- **COLLECTED DATA**:
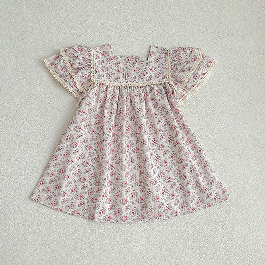 Summer Baby Girls Short Sleeves Square Neck Floral Pattern Dress And Onesie – Princess Sister Matching Set
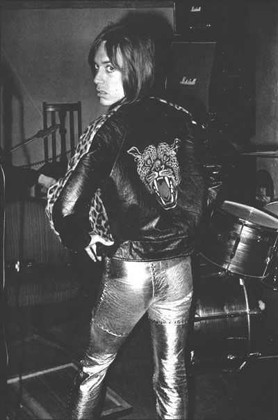 This was a Bill Whitten creation – a super low-waisted studded one-legged sarong look. The outfit, worn with thigh-high boots had one matching fingerless glove. It was sometimes worn with a matching wrap-around top or a breast- plate. Whitten also created James Williamson’s Dracula jumpsuit. This was for the autumn 1973 tour, probably worn for the first time at Max’s on July 30.
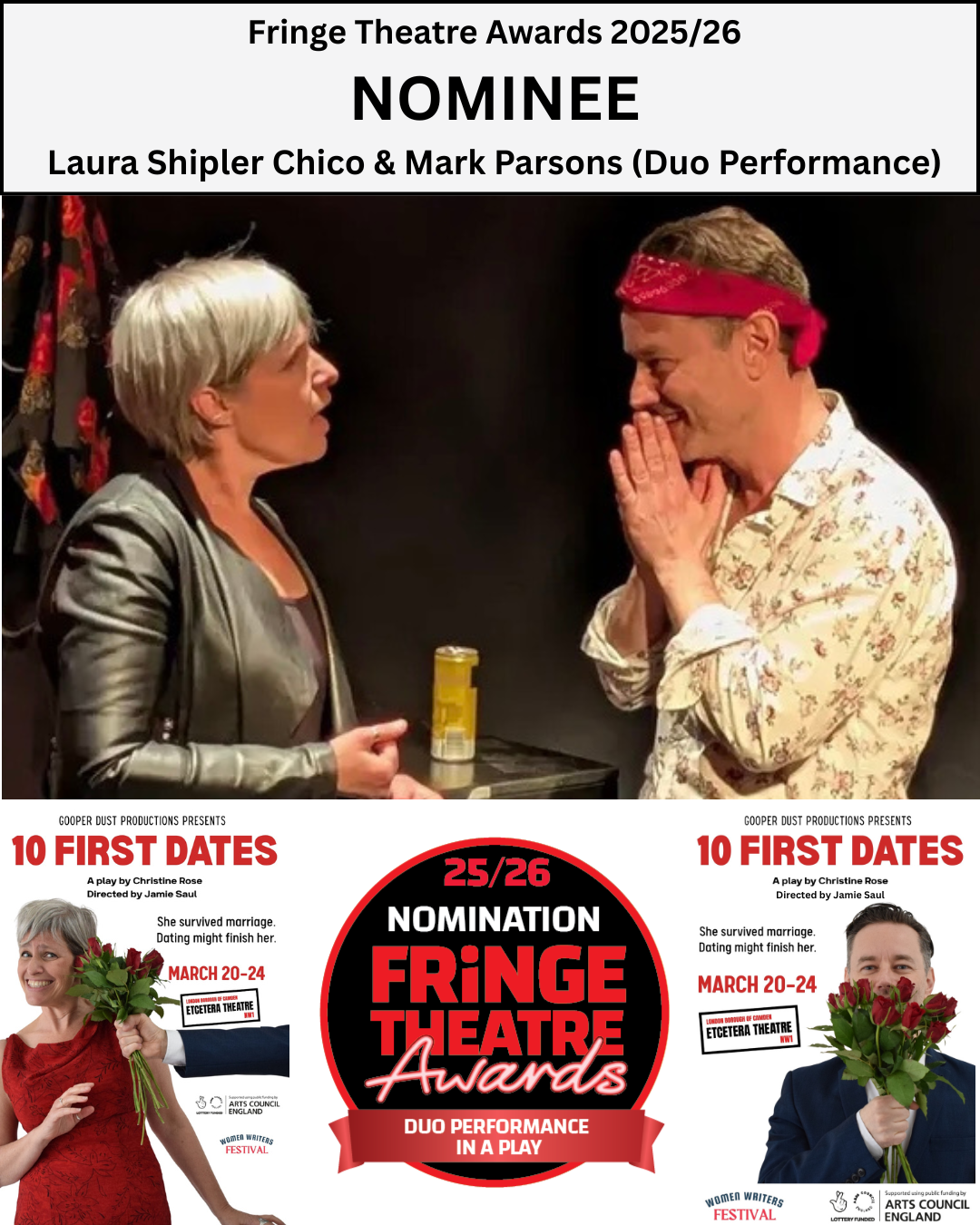 10 First Dates has been nominated for the London Pub Theatres Magazine Standing Ovation Award. Mark Parsons has received an individual nomination for his performance. Additionally, Laura and Mark have been nominated together for Best Duo Performance by the Fringe Theatre Awards.

- **WHAT THE TASK ASKS**: For this copy, leave pictures out and reproduce the lines from the one bearing "This was a Bill" through the final line of the listing above, both ends included.

- **YOUR SOLUTION**:
 This was a Bill Whitten creation – a super low-waisted studded one-legged sarong look. The outfit, worn with thigh-high boots had one matching fingerless glove. It was sometimes worn with a matching wrap-around top or a breast- plate. Whitten also created James Williamson’s Dracula jumpsuit. This was for the autumn 1973 tour, probably worn for the first time at Max’s on July 30.
 10 First Dates has been nominated for the London Pub Theatres Magazine Standing Ovation Award. Mark Parsons has received an individual nomination for his performance. Additionally, Laura and Mark have been nominated together for Best Duo Performance by the Fringe Theatre Awards.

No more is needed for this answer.